Congress, primarily led by Senator Orrin Hatch, had attempted to create legislation prior to the CLOUD Act to amend the SCA with the concerns of Microsoft and other technology companies with respect to foreign privacy rights. The Law Enforcement Access to Data Stored Abroad Act (LEADS Act) in 2015 and the International Communications Privacy Act (ICPA) in 2017 were both previous bills intended to amend the SCA but which failed to gain passage.

== Provisions ==
The CLOUD Act asserts that U.S. data and communication companies must provide stored data for a customer or subscriber on any server they own and operate when requested by warrant, but provides mechanisms for the companies or the courts to reject or challenge these if they believe the request violates the privacy rights of the foreign country the data is stored in.

It also provides an alternative and expedited route to MLATs through "executive agreements"; the executive branch is given the ability to enter into bi-lateral agreements with foreign countries to provide requested data related to its citizens in a streamlined manner, as long as the Attorney General, with concurrence of the Secretary of State, agree that the foreign country has sufficient protections in place to restrict access to data related to United States citizens. The first such agreement was with the United Kingdom. There is a FAQ appended to the white paper published by the U.S. Department of Justice.

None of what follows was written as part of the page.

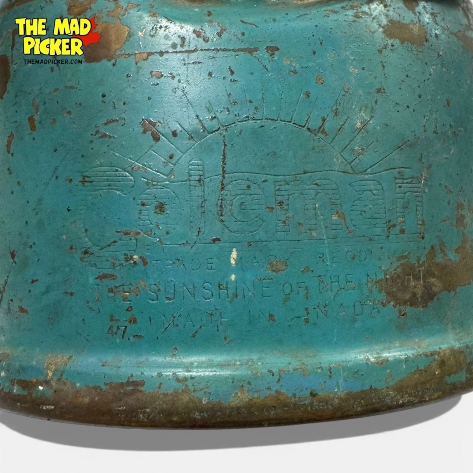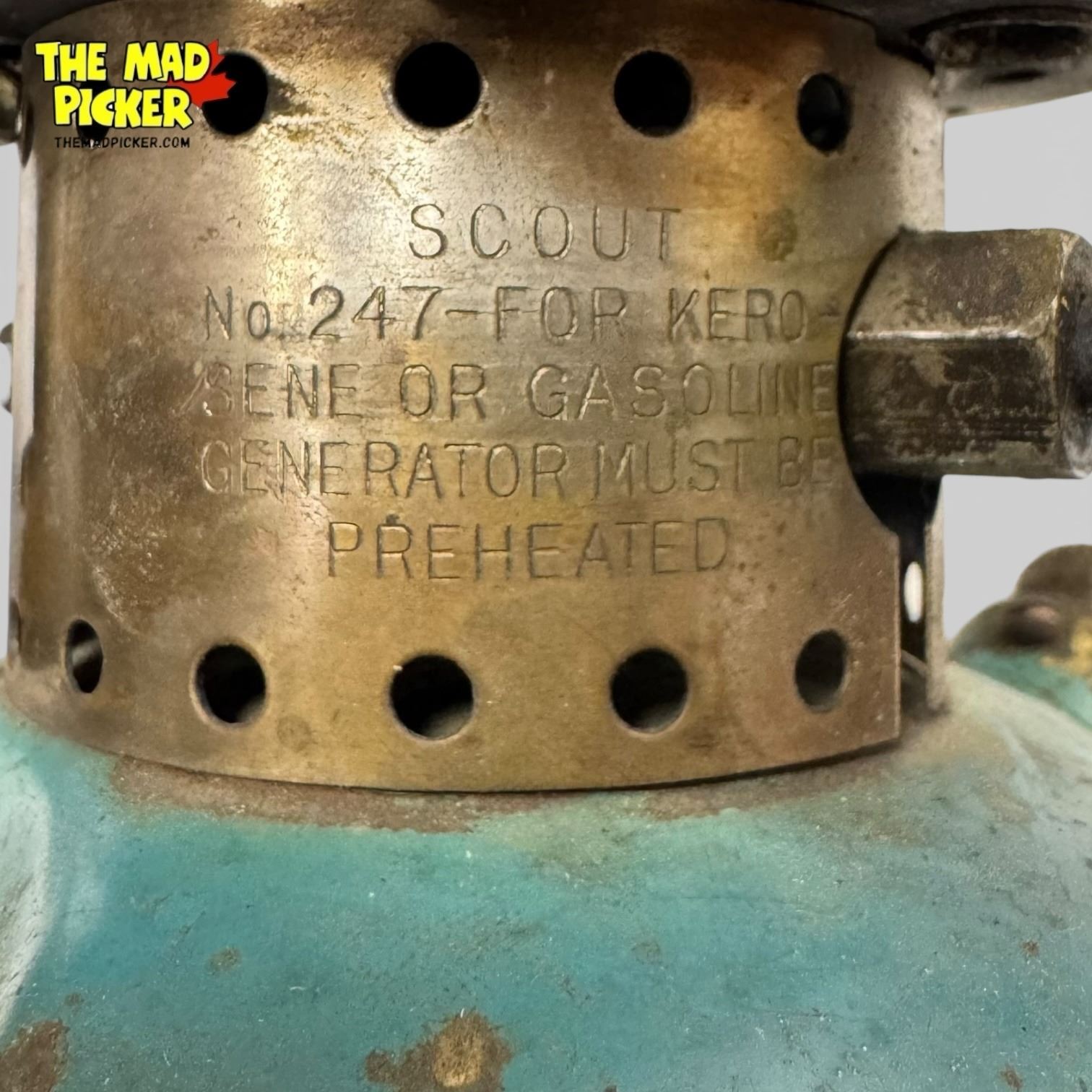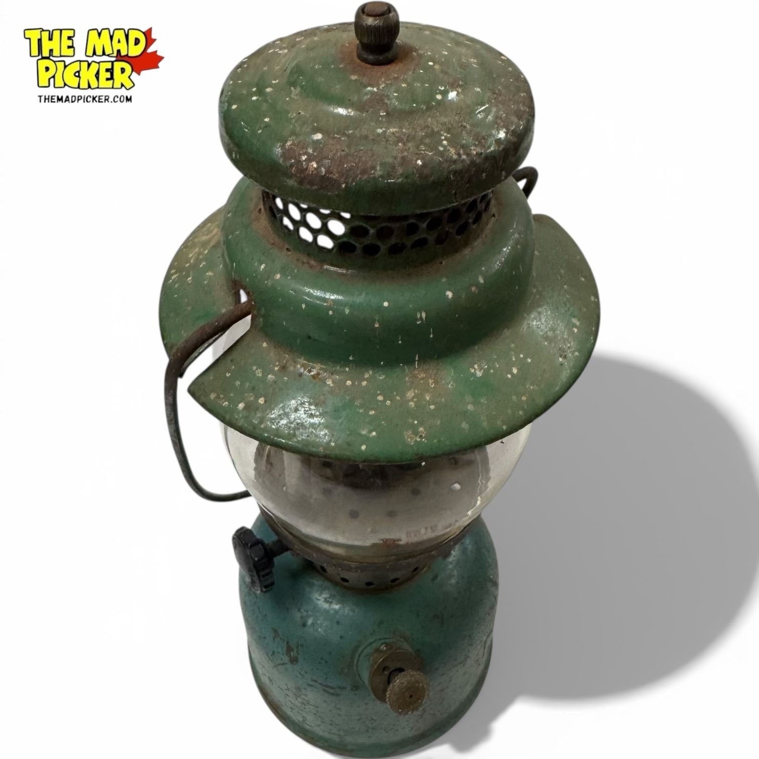 Coleman Model 249 Scout lantern in seafoam green, produced in 1947. Designed for kerosene fuel with a single-mantle system, this model features a brass fount and globe holder. Manufactured in Wichita, Kansas, the 249 Scout is notable for its compact size and outdoor utility. Stamped production year on base.

== Support and opposition ==
The CLOUD Act received support from the Department of Justice and from major technology companies like Microsoft, AWS, Apple, and Google. The bill was criticized by several civil rights groups, including the Electronic Frontier Foundation, the American Civil Liberties Union, Amnesty International, and Human Rights Watch. These groups argued that the bill stripped away Fourth Amendment rights against unreasonable searches and seizures, since the government could enter into data rights sharing agreements with foreign countries and bypass U.S. courts, and affected users would not have to be notified when such warrants were issued. Some of these groups feared the government would not fully review requests from foreign countries for their citizens' stored on servers in the U.S., potentially allowing such data to be used in bad faith in those countries.

==Passage and aftermath==
After being introduced in the 115th United States Congress as H.R.4943, the act was included as a section of the Consolidated Appropriations Act, 2018, an omnibus spending bill, which passed both houses of Congress and was signed into law, P.L. 115–141, on March 23, 2018.

On April 17, 2018, the Supreme Court, based on concurring briefs submitted by the Department of Justice, vacated the Microsoft Corp. v. United States and remanded it back to lower court to do the same, as the Department of Justice was able to secure a new warrant under the CLOUD Act and was no longer pursuing the initial warrant, rendering the case moot.

=== International reactions ===
The European Data Protection Supervisor (EDPS) viewed the CLOUD Act as a law in possible conflict with the GDPR. The German Commissioner for Data Protection has warned against the use of US based Amazon Web Services for storing sensitive data for the Federal Police.

The law has been viewed as a parallel to China's National Intelligence Law.

Following the CLOUD Act's passage, numerous countries have enacted measures to keep data within their borders.

== Extraterritorial scope ==
The CLOUD Act allows United States authorities to request data from cloud providers and other covered service providers regardless of where the data is physically stored. The act is not limited to companies based in the United States. It applies to "all electronic communication service or remote computing service providers that operate or have a legal presence in the U.S". Courts can require parent companies to provide data held by their subsidiaries.